Further, an understanding is needed of how these mechanisms vary with surface and bulk structure, particle morphology, and electronic properties of the solid for both intercalation and conversion reactions. Also important is the ability to correlate the structure of the interface with its reactivity, to bridge the gap between localized ultrafast phenomena that occur at the Å–micron length scale and the macroscopic long-term behavior of the battery system. Gaining insight into the nature of these processes is key to designing novel materials and chemistries for the next generation of chemical EES devices. Recent advances in nanoscience, analytical techniques, and computational modeling present unprecedented opportunities to solve technical bottlenecks. New synthetic approaches can allow the design of materials with exquisite control of chemical and physical processes at the atomic and molecular levels. Development of in situ methods and even multi-technique probes that push the limits of both spatial and temporal resolution can provide detailed insight into these processes and relate them to electrode structure. New computational tools, which can be employed to model complex battery systems and can couple with experimental techniques both to feed data into modeling and to use modeling/theory to help interpret experimental data, are critically important.

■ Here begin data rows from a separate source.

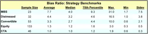 Strategies that employ illiquid assets can have bias ratios with an order of magnitude significantly higher than the bias ratios of indices representing the underlying asset class. For example, most equity indices have bias ratios falling between 1.0 and 1.5. A sample of equity hedge funds may have bias ratios ranging from 0.3 to 3.0 with an average of 1.29 and standard deviation of 0.5. On the other hand, the Lehman Aggregate MBS Index had a bias ratio of 2.16, while MBS hedge funds may have bias ratios from a respectable 1.7 to an astounding 31.0, with an average of 7.7 and standard deviation of 7.5.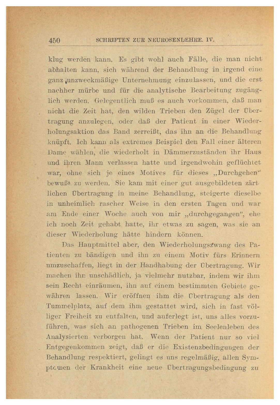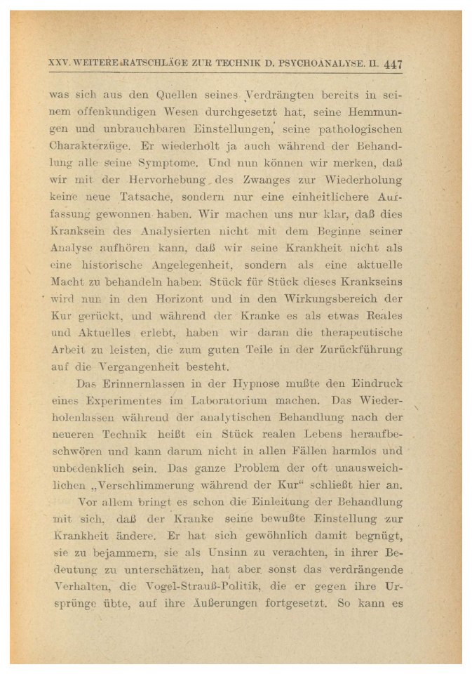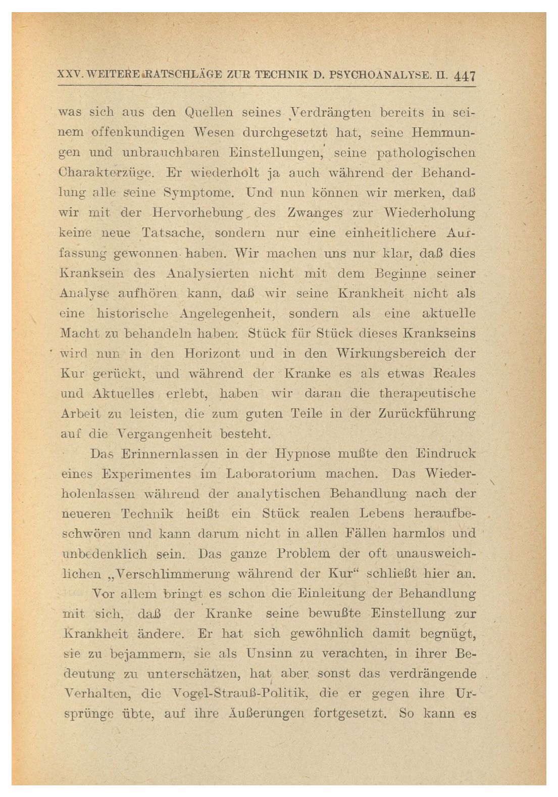 dieser Wiederholung hätte hindern können.Das Hauptmittel aber, den Wiederholungszwang des Pa-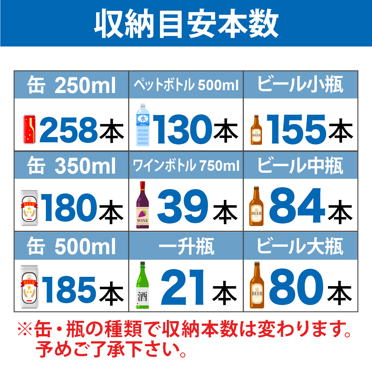 - 収納目安250ml缶:約258本 350ml缶:約180本 500mlペットボトル:約 130本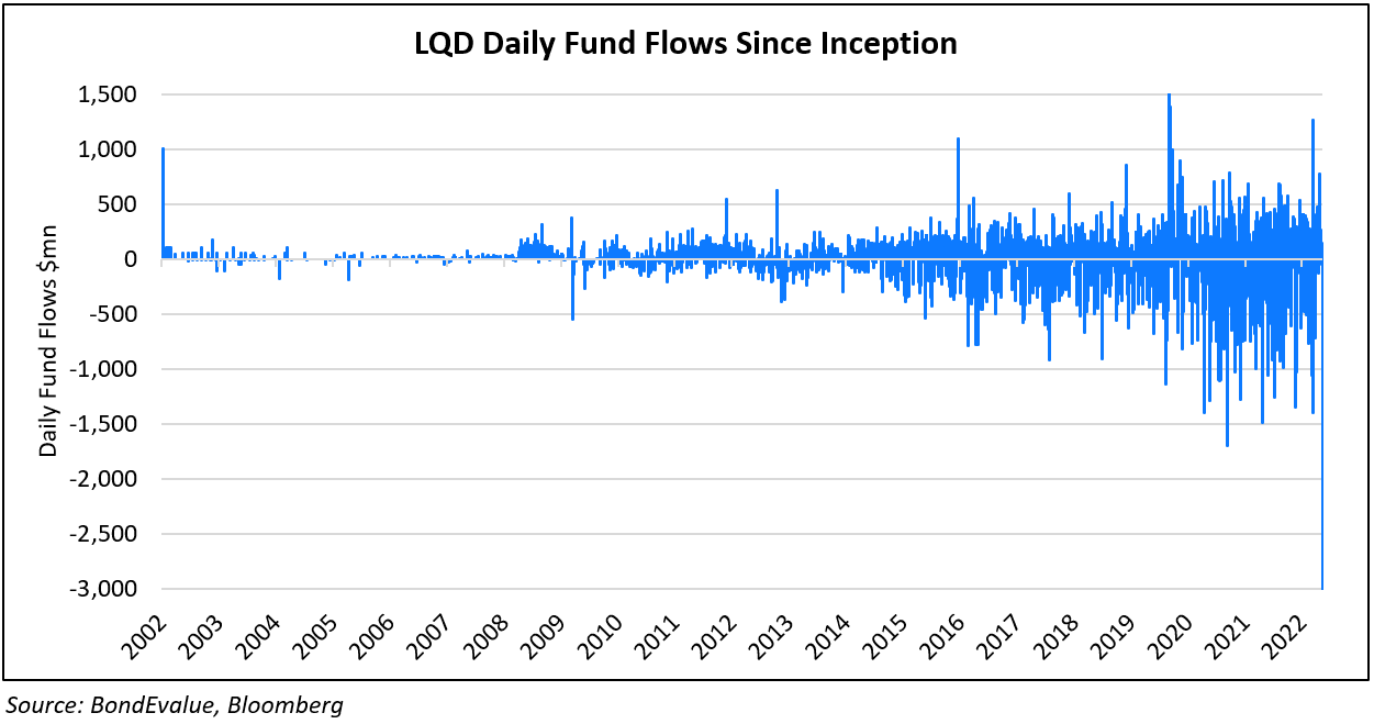 The largest corporate bond ETF, the iShares iBoxx USD investment grade corporate bond ETF (LQD) witnessed record daily outflow of $3bn on Monday, as per Bloomberg data. This is the largest daily outflow since inception in 2002. This underscores the reversal in sentiment, following six consecutive weeks of inflows.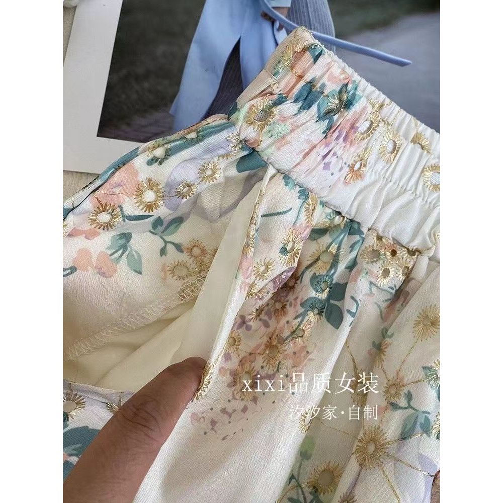新中式套装女2024夏季新款时尚国风法式油画小飞袖上衣短裤两件套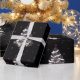 Cool et papier d'emballage totalement différent. Arrière - plan noir, flocons de neige pourpres et arbres dans le gris, le pourpre et le blanc avec de petits crânes sur eux. Plutôt Goth, très différent pour les vacances.
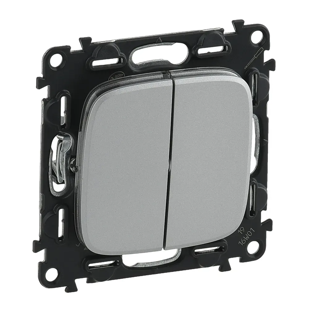 Valena ALLURE Выключатель двухклавишный 10А 250В с лицевой панелью Безвинтовые зажимы Алюминий LEGRAND 752905

The Potential of nano-science

The lack of a fundamental understanding of how thermodynamic properties, such as phase co-existence, change at the nanoscale is in stark contrast to the wealth of information available on the novel electronic, optical, and magnetic properties of nanomaterials. While the latter properties typically arise from the interaction of the electronic structure with the boundary conditions (e.g., electron confinement and/or localization), purely energetic properties and thermodynamic behavior change in a less transparent way at the nanoscale.

Many fundamental questions remain to be answered. For example, are the differences in the electrochemical properties of bulk and nanosize electrode materials simply due to the higher concentrations of different surfaces available for intercalation, or are the electronic properties of the nanomaterials significantly different? Are surface structures at the nanoscale significantly different from those in the bulk or are the improved properties simply a transport effect? At the nanoscale, can we conceptually separate pseudocapacitive from storage reactions? Can we develop general rules and, if so, how widely do we expect them to apply? How are ionic and electronic transport processes coupled in complex heterogeneous nanostructured materials? The ability to modify the properties of materials by treating size and shape as new variables presents great opportunities for designing new classes of materials for EES.

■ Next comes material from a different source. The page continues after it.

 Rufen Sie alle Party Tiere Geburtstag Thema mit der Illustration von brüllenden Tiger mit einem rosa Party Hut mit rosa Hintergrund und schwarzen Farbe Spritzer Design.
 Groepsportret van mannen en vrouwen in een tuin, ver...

It is imperative to explore how the different properties of nanoparticles and their composites can be used to increase the power and energy efficiency of battery systems. A tremendous opportunity exists to exploit nanoscale phenomena to design new chemistries and even whole new electrode and electrolyte architectures—from nanoporous mesoscopic structures to three-dimensional electrodes with active and passive multifunctional components interconnected within architectures that offer superior energy storage capacity, fast kinetics and enhanced mass transport, and mechanical integrity. To do so, we need to be able to control chemistries and assembly processes. Furthermore, low-cost, high-volume synthesis and fabrication techniques and nanocomposites with improved safety characteristics must be designed, to satisfy requirements for large-scale manufacturing of nanostructure materials and for their use in practical battery systems.

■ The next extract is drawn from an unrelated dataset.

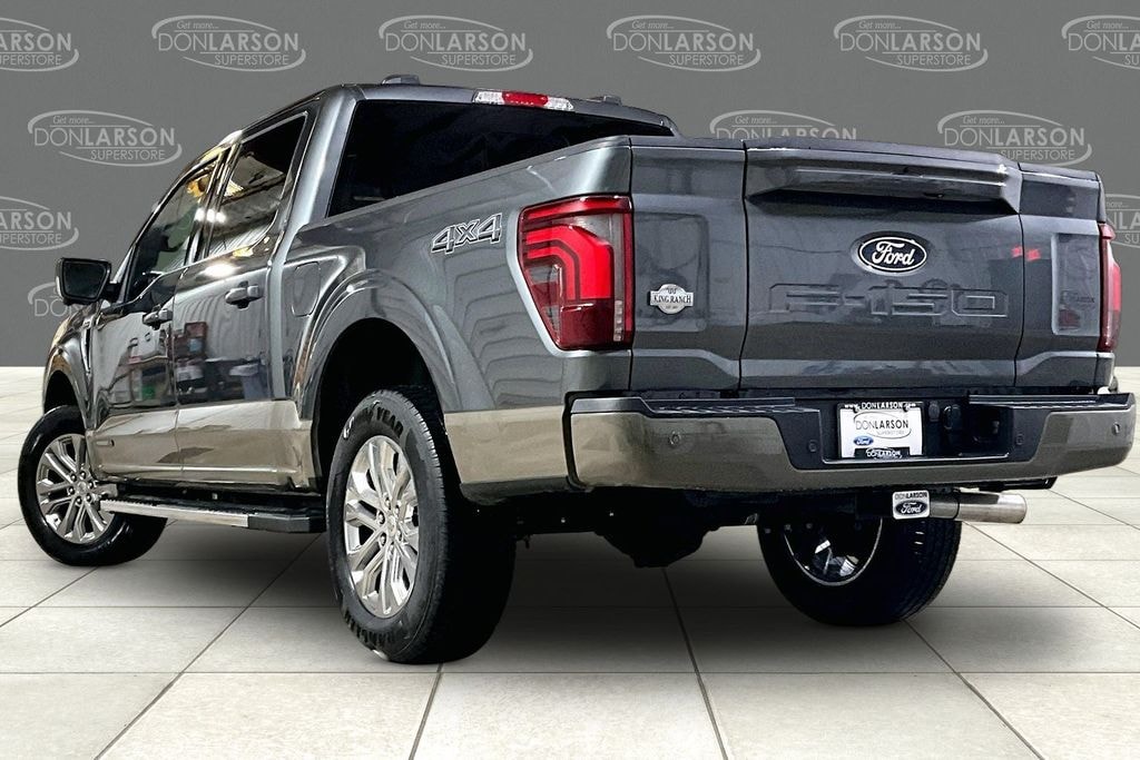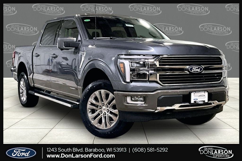 Carbonized Gray Metallic 3.5L PowerBoost Full-Hybrid V6, 4WD, 4-Wheel Disc Brakes, 8 Speakers, ABS brakes, Adjustable pedals, Air Conditioning, Alloy wheels, AM/FM radio: SiriusXM with 360L, Auto High-beam Headlights, Auto tilt-away steering wheel, Auto-dimming door mirrors, Auto-dimming Rear-View mirror, Automatic temperature control, Brake assist, Chrome wheels, Compass, Delay-off headlights, Driver door bin, Driver vanity mirror, Dual front impact airbags, Dual front side impact airbags, Electronic Locking with 3.55 Axle Ratio, Electronic Stability Control, Emergency communication system: SYNC 4 911 Assist, Ford Connectivity Package (1-Year Included), Front anti-roll bar, Front Bucket Seats, Front Center Armrest, Front dual zone A/C, Front fog lights, Front reading lights, Front wheel independent suspension, Fully automatic headlights, Garage door transmitter, Genuine wood dashboard insert, Heated door mirrors, Heated front seats, Heated rear seats, Heated steering wheel, Illuminated entry, Internet access capable: 5G Modem - Ford Connectivity Package, Leather steering wheel, Low tire pressure warning, Memory seat, Navigation system: Connected Navigation, Occupant sensing airbag, Outside temperature display, Overhead airbag, Overhead console, Panic alarm, Passenger door bin, Passenger vanity mirror, Pedal memory, Power door mirrors, Power driver seat, Power passenger seat, Power steering, Power windows, Radio data system, Radio: B&O Sound System by Bang and Olufsen, Rain sensing wipers, Rear reading lights, Rear seat center armrest, Rear step bumper, Rear window defroster, Remote keyless entry, Security system, Speed control, Split folding rear seat, Steering wheel memory, Steering wheel mounted audio controls, SYNC 4 with Enhanced Voice Recognition, Tachometer, Telescoping steering wheel, Tilt steering wheel, Traction control, Trip computer, Turn signal indicator mirrors, Variably intermittent wipers, Ventilated front seats, Wheels: 20" Chrome-Like PVD, 3.5L PowerBoost Full-Hybrid V6, 4WD. 2026 Ford F-150 King Ranch 4WD 10-Speed Automatic 3.5L PowerBoost Full-Hybrid V6

New Capabilities in Computation and Analysis

Although clever engineering can address some inherent problems with a particular battery chemistry, dramatic improvements in performance will ultimately come from the development of different electrode and electrolyte materials. New computational and analysis tools are needed to realize significant breakthroughs in these areas. For example, new analytical tools will provide an understanding of how the phase behavior and electrochemical properties of materials are modified at the atomic level. With this information, computational tools will expedite the design of materials with structures and architectures tailored for specific performance characteristics. It is now possible to predict many properties of materials before attempting to synthesize and test them (see Appendix B, “Probing Electrical Energy Storage Chemistry And Physics Over Broad Time And Length Scales,” for further details), and expanded computational capabilities specific to chemical energy storage are a critical need. New capabilities in modeling and simulation could help unravel the complex processes involved in charge transport across the electrode-electrolyte interface and identify underlying reactions that cause capacity degradation.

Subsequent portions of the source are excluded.